Threshold-Based Routing-Topology Co-Design for Optical Data Center.
Peirui Cao,Shizhen Zhao,Dai Zhang,Zhuotao Liu,Mingwei Xu,Min Yee Teh,Yunzhuo Liu,Xinbing Wang,Chenghu Zhou
DOI: https://doi.org/10.1109/tnet.2023.3265276
2023-01-01
IEEE/ACM Transactions on Networking
Abstract:Despite the bandwidth scaling limit of electrical switching and the high cost of building Clos data center networks (DCNs), the adoption of optical DCNs is still limited. There are two reasons. First, existing optical DCN designs usually face high deployment complexity.

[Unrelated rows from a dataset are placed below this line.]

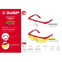 Очки защитные прозрачные отрытого типа с доп. бок. защ. ЗУБР Спектр 5
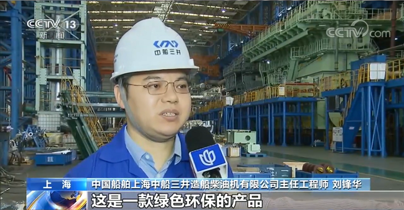 ????中國船舶上海中船三井造船柴油機有限公司主任工程師 劉鋒華:尺寸最大,達到了5層樓那么高,功率達到了63800多千瓦,功率也是最大的。這是一款綠色環保的產品,使用燃氣運行時氮氧化物的排放不到常規發動機的十分之一,硫氧化物和顆粒物的排放也是非常好的,不用裝任何后處理設備,都可以滿足IMO(國際海事組織)最新的排放法規要求。
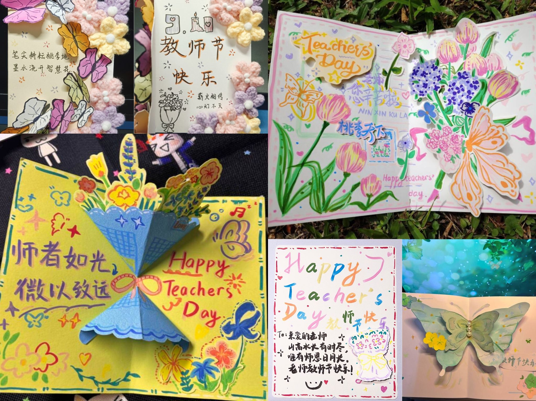 本次系列活动采取线上与线下相结合方式开展,为师生们搭建了情感交流平台。线上活动,通过撰写《南宁师范大学全体学子致老师们的一封信》,将节日的祝福与诚挚的谢意献给辛勤耕耘的全体教师;同时还开展了“师言匠心,感念有你”教师语录征集、“扭扭传情,师恩永驻”扭扭棒作品创作、“纸短情长,师恩难忘”书信征集、“师者如光,创意寄情”制作创意贺卡/书签等活动,引导同学们用笔墨书写心声、以巧手勾勒心意,让文字的温度、手作的诚意,成为对教师祝福最生动的载体。线下活动,开展了“送您一朵小红花”活动”,在教师节当天清晨,伴随着的第一缕阳光,同学们早早来到办公楼、教学楼前,为教师们献上精心准备的小红花,送上感恩师恩的祝福卡片,让真挚心意在师生间温暖传递。
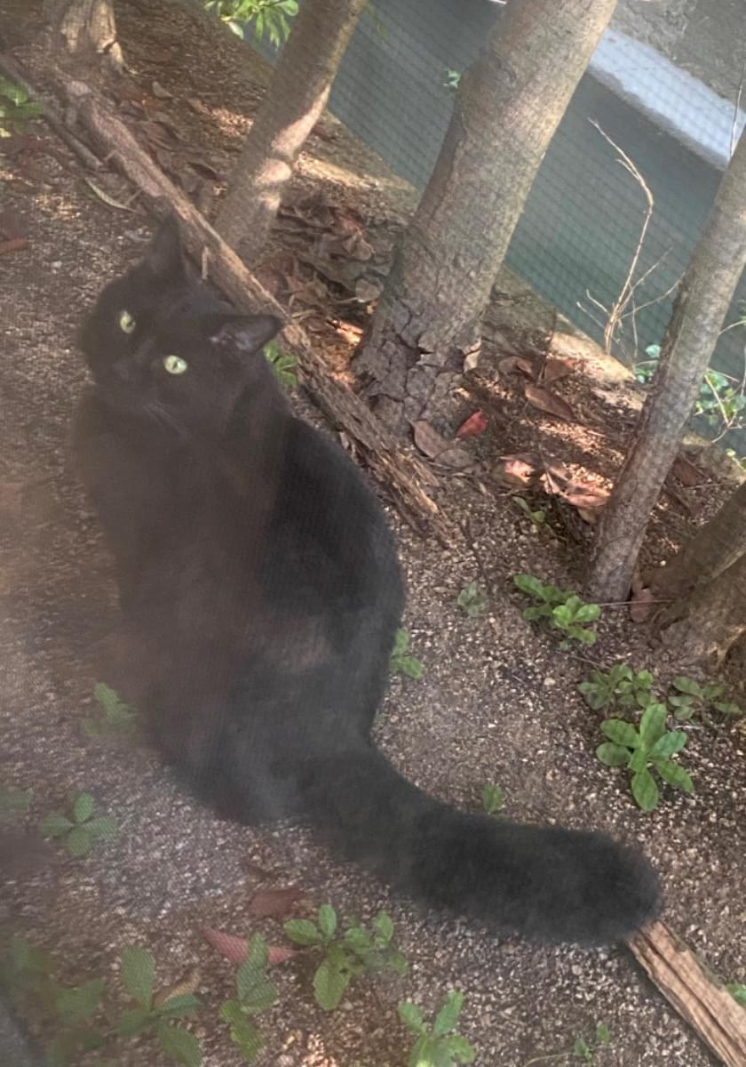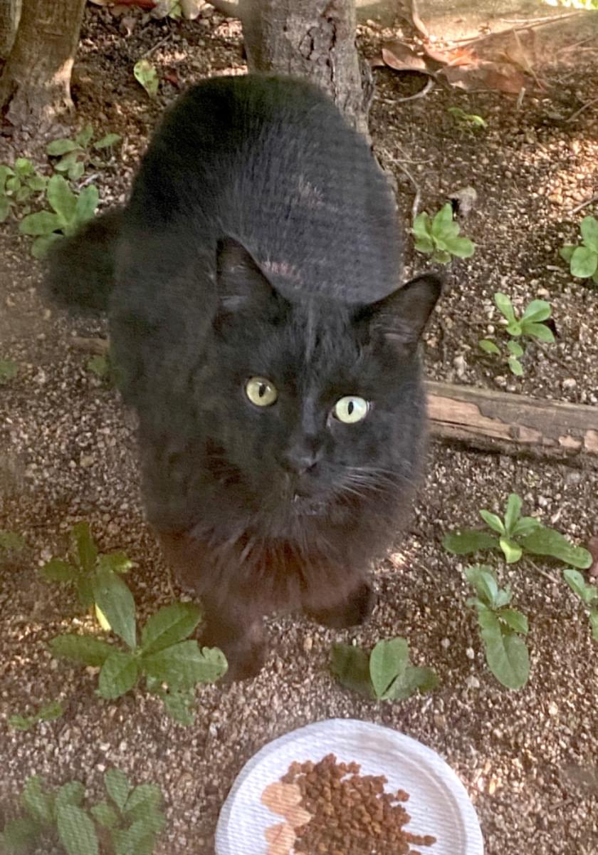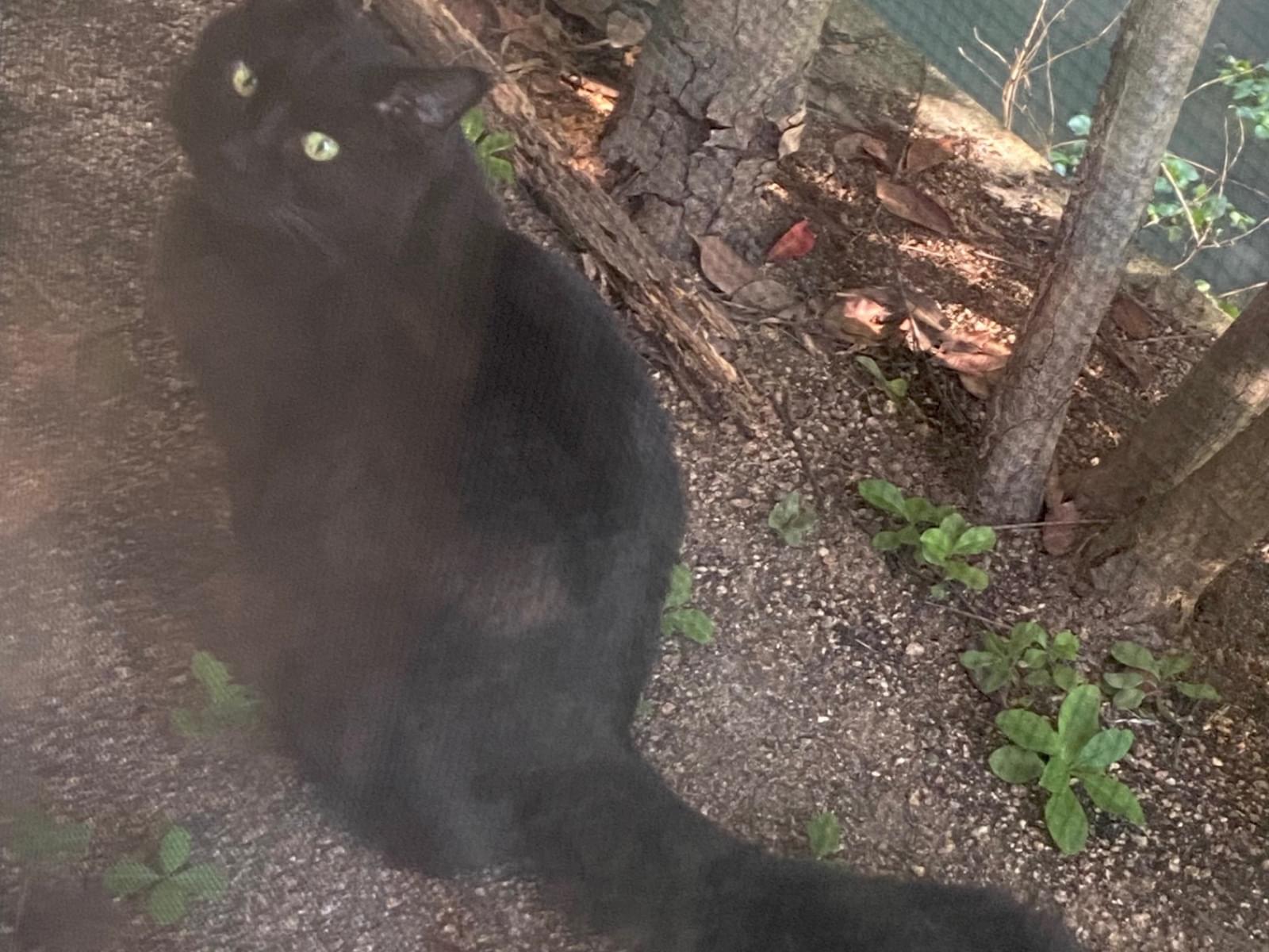 ここ数日青か水色の首輪を付けたもふもふの黒猫ちゃんを見かけます。毛並みがとても綺麗です。

Second, these designs are not full-optical and the performance benefit over the non-blocking Clos DCN is not clear. After exploring the design tradeoffs of the existing optical DCN designs, we propose TROD (Threshold Routing based Optical Datacenter), a low-complexity optical DCN with superior performance than other optical DCNs. There are two novel designs in TROD that contribute to its success. First, TROD performs robust topology optimization based on the recurring traffic patterns and thus does not need to react to every traffic change, which lowers deployment and management complexity. Second, TROD introduces tVLB (threshold-based Valiant Load Balance), which can avoid network congestion as much as possible even under unexpected traffic bursts. We conduct simulation based on both Facebook’s real DCN traces and our synthesized highly bursty DCN traces. TROD reduces flow completion time (FCT) by about 1.15- $2.16\times $ compared to Google’s Jupiter DCN, at least $2\times $ compared to other optical DCN designs, and about 2.4- $3.2\times $ compared to expander graph DCN. Compared with the non-blocking Clos, TROD reduces the hop count of the majority packets by one, and could even outperform the non-blocking Clos with proper bandwidth over-provision at the optical layer. Note that TROD can be built with commercially available hardware and does not require host modifications.